March 25, 2022

NO PIANO

HENRIK GODSK AT CFHILL

25.03.- 22.04.2022

Through an intricate interplay of colour fields and controlled lines, Henrik Godsk creates characters and creatures that are born in a vibrating state of in-between.
Tight compositions and an inimitable palette characterise the works in No Piano, the artist’s first solo exhibition with CFHILL.


Henrik Godsk’s artistic practice is governed by strict restrictions set by the artisthimself, a dogmatic approach that creates a space where equilibrium prevails. Even though his geometrical forms and visual language evokes references to cubism, Godsk rejects the idea that he follows a modernist path. Rather, he picks up knowledge along the road of art history, only to construct his own contemporary universe. Consistently drawing on the tension between hand and machine, analogue and digital, history and the present, Godsk uses an iconography of controlled lines and out of tune colours that travel between canvas and metal, across still lifes, imaginary portraits, interior paintings and sculptures.

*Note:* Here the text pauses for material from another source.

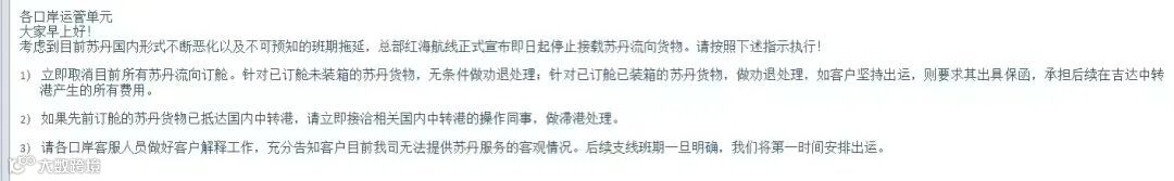 考虑到目前苏丹国内形式不断恶化以及不可预知的班期拖延,总部红海航线正式宣布即日起停止接载苏丹流向货物。请按照下述指示执行!

Growing up in a travelling fair he learnt the craft from an early age by painting signs and facades. His academic training focused on literature and art history, subjects that along with music still form a major part of his inspiration. Autotune, rhythm, melody, searching for harmony and being out of tune are all musical concepts that
reoccur throughout the oeuvre of Godsk – also reflected in the exhibition title No Piano which refers to stillness and silence in a wider perspective.


No Piano consists of 15 oil paintings on canvas and 3 metal sculptures, entirely new works created during the pandemic inspired by feelings of the unexplainable and the uncanny. With the recent and horrific turn of events in Europe, trying to maintain order in chaos through art becomes even more relevant as an artistic
strategy. By exposing the process of painting through his works, the constructedness of both art and life is put in the spotlight, a leitmotif to guide the understanding of Henrik Godsk’s practice.